# Try it
Repeat the records below exactly from the line containing "一部表示されない項目(色域モ" to the line containing "Looking to refresh", taking in both of those lines. Drop the pictures.

# Provided data
============

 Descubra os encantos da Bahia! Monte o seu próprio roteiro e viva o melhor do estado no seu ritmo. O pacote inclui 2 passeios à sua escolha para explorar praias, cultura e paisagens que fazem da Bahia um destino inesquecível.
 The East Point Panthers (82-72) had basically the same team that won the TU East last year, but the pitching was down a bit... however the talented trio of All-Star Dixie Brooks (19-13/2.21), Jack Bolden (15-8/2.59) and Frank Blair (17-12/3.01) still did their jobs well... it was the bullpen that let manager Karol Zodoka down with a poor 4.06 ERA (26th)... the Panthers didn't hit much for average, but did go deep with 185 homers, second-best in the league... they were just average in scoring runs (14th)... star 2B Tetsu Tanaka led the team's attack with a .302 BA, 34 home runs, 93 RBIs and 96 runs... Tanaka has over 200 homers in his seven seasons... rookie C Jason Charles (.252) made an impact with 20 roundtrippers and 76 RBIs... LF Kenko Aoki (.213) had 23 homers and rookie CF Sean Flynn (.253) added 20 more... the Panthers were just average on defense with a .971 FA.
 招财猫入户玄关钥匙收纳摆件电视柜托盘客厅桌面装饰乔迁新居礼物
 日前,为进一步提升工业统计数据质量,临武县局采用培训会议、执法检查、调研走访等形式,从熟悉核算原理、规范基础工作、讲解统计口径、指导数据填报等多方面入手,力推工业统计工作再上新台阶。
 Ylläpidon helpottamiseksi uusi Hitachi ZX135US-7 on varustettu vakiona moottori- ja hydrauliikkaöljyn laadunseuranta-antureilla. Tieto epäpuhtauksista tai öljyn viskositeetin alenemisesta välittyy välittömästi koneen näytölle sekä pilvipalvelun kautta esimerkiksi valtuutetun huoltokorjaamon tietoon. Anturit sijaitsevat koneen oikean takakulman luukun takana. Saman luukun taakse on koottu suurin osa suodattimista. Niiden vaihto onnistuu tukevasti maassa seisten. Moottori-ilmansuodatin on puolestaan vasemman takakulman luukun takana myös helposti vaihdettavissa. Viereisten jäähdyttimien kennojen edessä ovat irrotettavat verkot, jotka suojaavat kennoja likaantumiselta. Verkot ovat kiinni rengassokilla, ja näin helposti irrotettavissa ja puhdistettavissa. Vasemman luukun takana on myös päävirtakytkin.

============

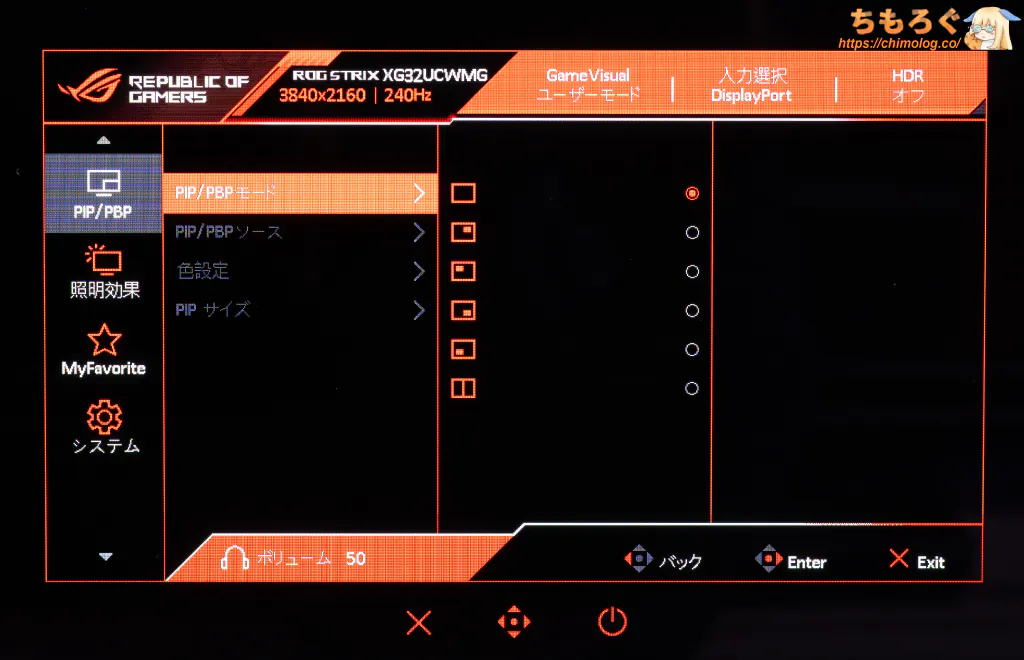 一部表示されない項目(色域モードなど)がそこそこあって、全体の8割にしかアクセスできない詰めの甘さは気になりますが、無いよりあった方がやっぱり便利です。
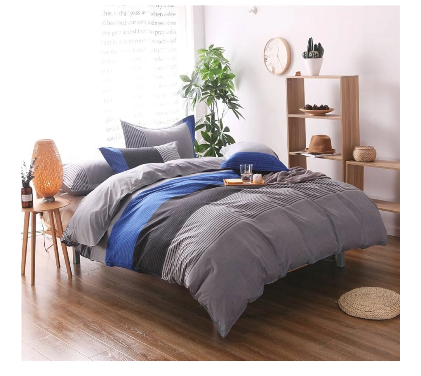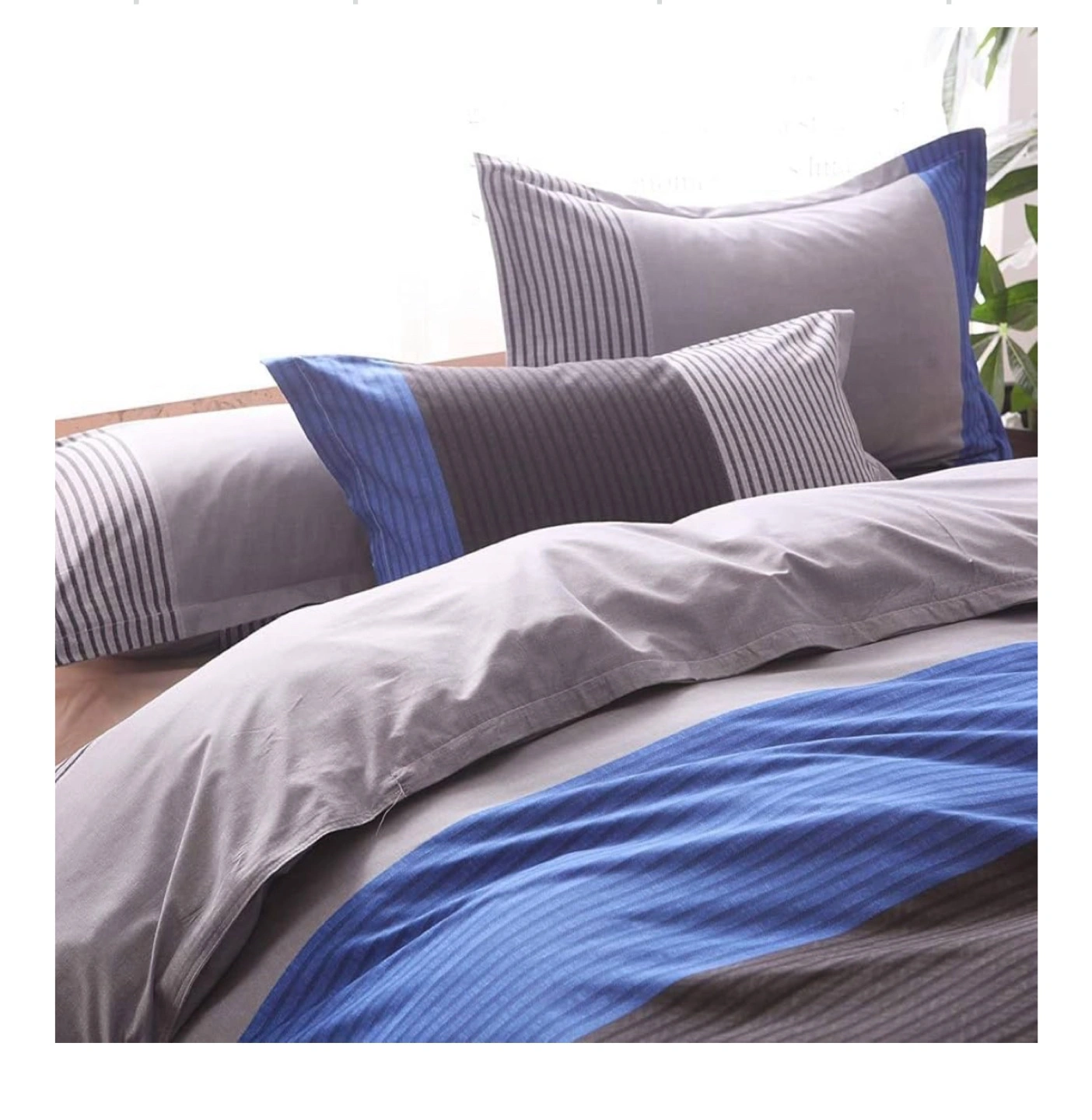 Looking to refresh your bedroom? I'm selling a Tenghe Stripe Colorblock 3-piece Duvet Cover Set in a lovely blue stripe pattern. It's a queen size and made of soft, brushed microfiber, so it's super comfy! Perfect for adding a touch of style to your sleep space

============

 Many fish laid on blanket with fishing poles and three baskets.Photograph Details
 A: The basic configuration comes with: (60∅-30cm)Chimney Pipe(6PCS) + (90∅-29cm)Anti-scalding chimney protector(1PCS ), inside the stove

============

# Answer to this problem
 一部表示されない項目(色域モードなど)がそこそこあって、全体の8割にしかアクセスできない詰めの甘さは気になりますが、無いよりあった方がやっぱり便利です。
 Looking to refresh your bedroom? I'm selling a Tenghe Stripe Colorblock 3-piece Duvet Cover Set in a lovely blue stripe pattern. It's a queen size and made of soft, brushed microfiber, so it's super comfy! Perfect for adding a touch of style to your sleep space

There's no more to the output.